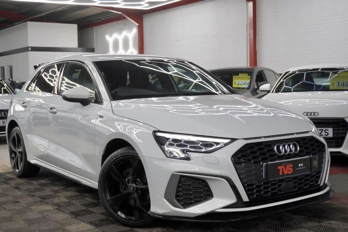 Twin Leather - Front Sport Seats with S Embossed Logo - Black, 18in Alloy Wheels - 5-spoke V Style Diamond Cut, Ibis White, 12v Socket and Storage Compartment in Front Centre Console, 18in Alloy Wheels - 5-Arm Dynamic Design, 2 USB-C Ports with Charge and Data Functions, 3.6kW Onboard Charger, 6 Passive Loudspeakers, Airbags - Driver and Front Passenger with Passenger Airbag Deactivation, Aluminium Interior Elements, Aluminium Window Trims, Anti Theft Locking Wheel Bolts, Anti-Theft Alarm, Audi Connect Emergency Call and Service, Audi Connect Navigation and Infotainment Services Plus (3 Year Subscription From New), Audi Drive Select, Audi Pre-Sense Front with Pedestrian and Cyclist Recognition, Audi Smartphone Interface, Audi Virtual Cockpit, Auto Dimming and Frameless Rear View Mirror, Automatic Start-Stop System with Recuperation, Bluetooth Interface, Body Coloured Door Mirrors, Child Locks - Manual, Cloth Headlining in Black, Collision Avoidance Assistant, Cruise Control, DAB Digital Radio, Domestic Charging Cable - 3 Pin 10 Amp, Dual-Zone Electronic Climate Control, ESC - Electronic Stabilisation Control inc ABS - ASR and EDL, Electric Windows - Front, Electromechanical Power Steering, Electronically Operated Child Locks, Exterior Mirrors - Electrically Adjustable - Heated and Folding - Automatically Dimming on Both Sides with Built-In LED Side Indicators - Including Automatic Kerb-Side Function for the Passenger-Side, First Aid Kit and Warning Triangle and 2 Safety Vests, Front Side Airbags with Head Airbags and Interaction Airbag, Front Sports Seats, Front and Rear Centre Armrest in Leather, Front and Rear Floor Mats, Hill Hold Assist, I-Size and Top Tether Child Seat Mounting for the Outer Rear Seats, Illuminated Door Sill Trims with Aluminium Inserts and S Logo, Illuminated Vanity Mirrors, Inlays - Dark Spectrum Aluminium, LED Headlights with LED Rear Lights and Dynamic Rear Indicators, Lane Departure Warning, Light and Rain Sensor, Luggage Compartment Floor Covering, MMI Navigation Plus with High Resolution 10.1in Touchscreen Colour Display, Manual Boot Compartment Lid, Pedals in Stainless Steel and Footrest in Black, Privacy Glass, Privacy Glass - Dark-Tinted Rear Window - Rear Door and Side Window., Rear Parking Sensors, Rear Side Air Outlets - Grained Matt Black, Remote Central Locking, S Line Bumpers, S Line Styling, S Roof Spoiler, Seat Belt Monitoring, Split-Folding Rear Seat Bench can be Split 40: 20: 40 or Fully, with Centre Armrest and Cup Holders, Standard Suspension, Steering Wheel - 3-Spoke Leather-Multi-Function, Tool Kit, Type 2 Mode 3 32amp Charging Cable, Type 2 Socket for AC Charging, Tyre Pressure Loss Indicator, Tyre Repair Kit, Voice Control System with Natural Language Interaction, Windscreen with Acoustic Glazing
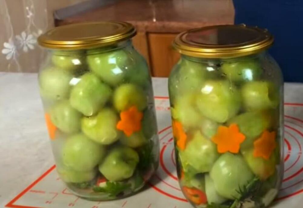 Priprema: U sterilisanu teglu ubacite krupnije sečen beli luk, par gračinca peršuna i mirođije, kao i biber. Isecite 2 koluta ljute papričice i dodajte u teglu. Zatim unutra ređate zeleni paradajz dok ne napunite teglu. Paradajz prethodno operite i isecite ako ima neki truli deo. Dok ređate paradajz ubacite i par komada šargarepe isečene na kolutove.
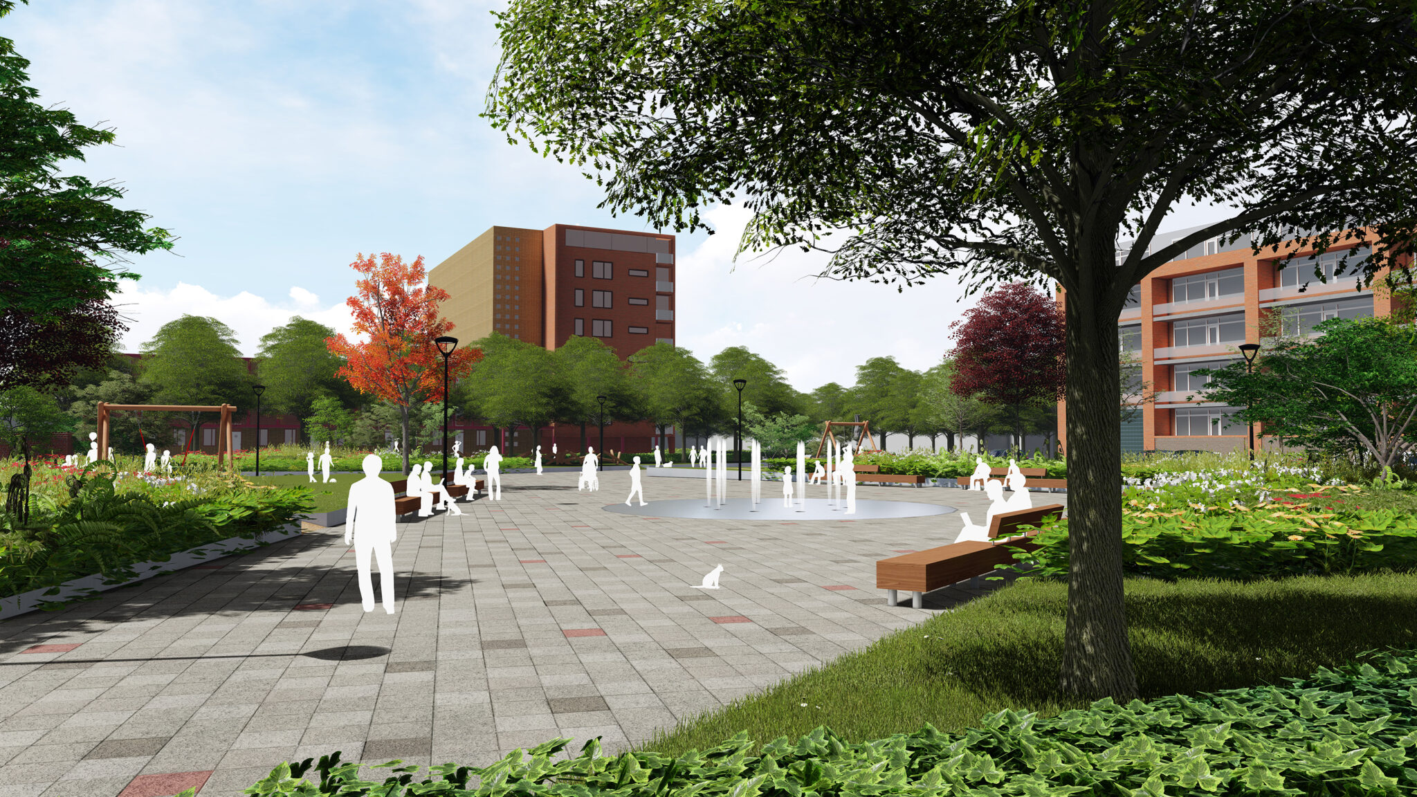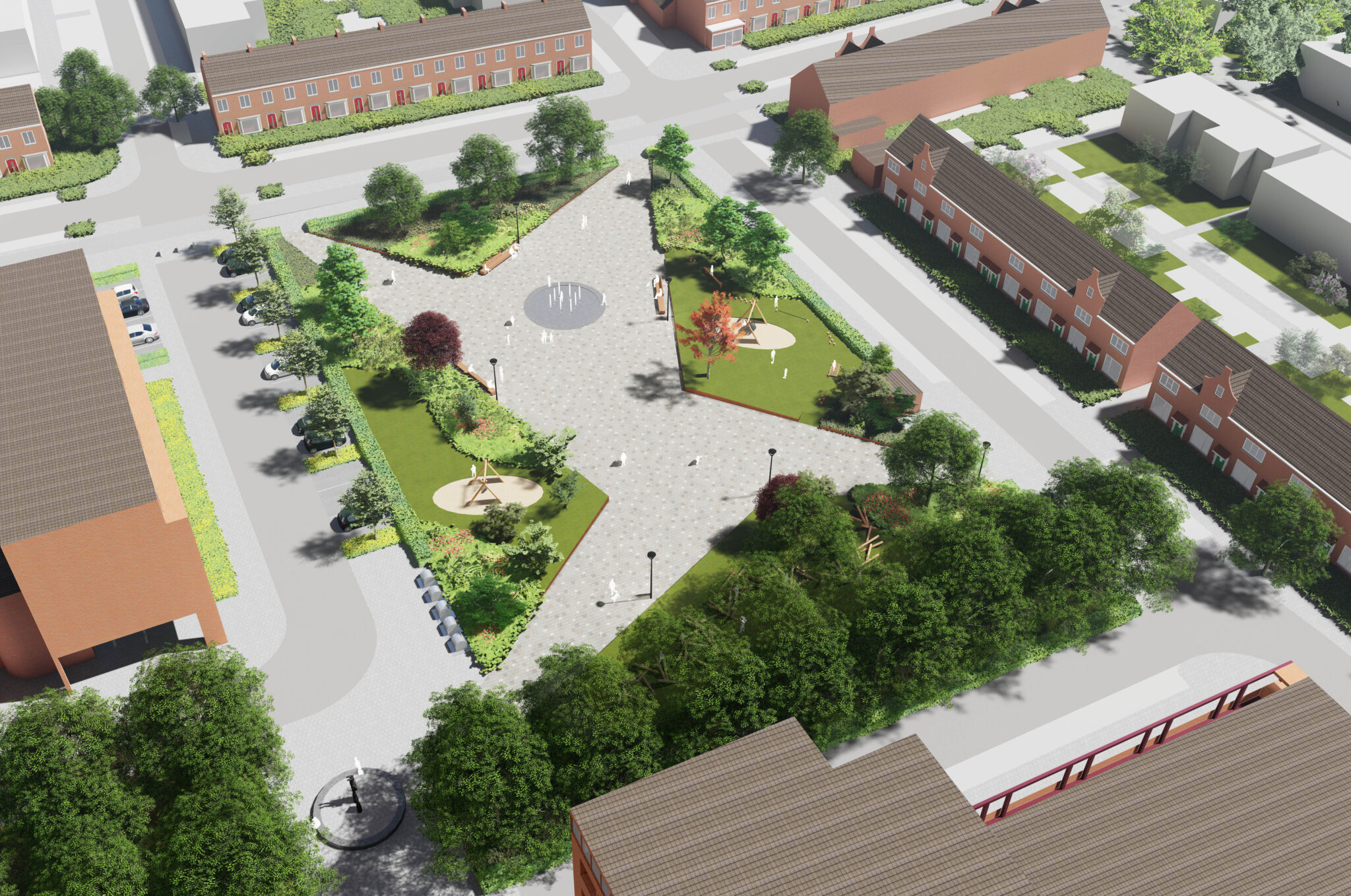 - Bedriegertjes centraal op het plein dienen als speelplek voor kinderen en als ideale plek voor verkoeling.
====
## WHAT THE TASK ASKS
Working from the lines above, reproduce the material exactly and exclude its pictures.

## WORKED SOLUTION
 Twin Leather - Front Sport Seats with S Embossed Logo - Black, 18in Alloy Wheels - 5-spoke V Style Diamond Cut, Ibis White, 12v Socket and Storage Compartment in Front Centre Console, 18in Alloy Wheels - 5-Arm Dynamic Design, 2 USB-C Ports with Charge and Data Functions, 3.6kW Onboard Charger, 6 Passive Loudspeakers, Airbags - Driver and Front Passenger with Passenger Airbag Deactivation, Aluminium Interior Elements, Aluminium Window Trims, Anti Theft Locking Wheel Bolts, Anti-Theft Alarm, Audi Connect Emergency Call and Service, Audi Connect Navigation and Infotainment Services Plus (3 Year Subscription From New), Audi Drive Select, Audi Pre-Sense Front with Pedestrian and Cyclist Recognition, Audi Smartphone Interface, Audi Virtual Cockpit, Auto Dimming and Frameless Rear View Mirror, Automatic Start-Stop System with Recuperation, Bluetooth Interface, Body Coloured Door Mirrors, Child Locks - Manual, Cloth Headlining in Black, Collision Avoidance Assistant, Cruise Control, DAB Digital Radio, Domestic Charging Cable - 3 Pin 10 Amp, Dual-Zone Electronic Climate Control, ESC - Electronic Stabilisation Control inc ABS - ASR and EDL, Electric Windows - Front, Electromechanical Power Steering, Electronically Operated Child Locks, Exterior Mirrors - Electrically Adjustable - Heated and Folding - Automatically Dimming on Both Sides with Built-In LED Side Indicators - Including Automatic Kerb-Side Function for the Passenger-Side, First Aid Kit and Warning Triangle and 2 Safety Vests, Front Side Airbags with Head Airbags and Interaction Airbag, Front Sports Seats, Front and Rear Centre Armrest in Leather, Front and Rear Floor Mats, Hill Hold Assist, I-Size and Top Tether Child Seat Mounting for the Outer Rear Seats, Illuminated Door Sill Trims with Aluminium Inserts and S Logo, Illuminated Vanity Mirrors, Inlays - Dark Spectrum Aluminium, LED Headlights with LED Rear Lights and Dynamic Rear Indicators, Lane Departure Warning, Light and Rain Sensor, Luggage Compartment Floor Covering, MMI Navigation Plus with High Resolution 10.1in Touchscreen Colour Display, Manual Boot Compartment Lid, Pedals in Stainless Steel and Footrest in Black, Privacy Glass, Privacy Glass - Dark-Tinted Rear Window - Rear Door and Side Window., Rear Parking Sensors, Rear Side Air Outlets - Grained Matt Black, Remote Central Locking, S Line Bumpers, S Line Styling, S Roof Spoiler, Seat Belt Monitoring, Split-Folding Rear Seat Bench can be Split 40: 20: 40 or Fully, with Centre Armrest and Cup Holders, Standard Suspension, Steering Wheel - 3-Spoke Leather-Multi-Function, Tool Kit, Type 2 Mode 3 32amp Charging Cable, Type 2 Socket for AC Charging, Tyre Pressure Loss Indicator, Tyre Repair Kit, Voice Control System with Natural Language Interaction, Windscreen with Acoustic Glazing
 Priprema: U sterilisanu teglu ubacite krupnije sečen beli luk, par gračinca peršuna i mirođije, kao i biber. Isecite 2 koluta ljute papričice i dodajte u teglu. Zatim unutra ređate zeleni paradajz dok ne napunite teglu. Paradajz prethodno operite i isecite ako ima neki truli deo. Dok ređate paradajz ubacite i par komada šargarepe isečene na kolutove.
 - Bedriegertjes centraal op het plein dienen als speelplek voor kinderen en als ideale plek voor verkoeling.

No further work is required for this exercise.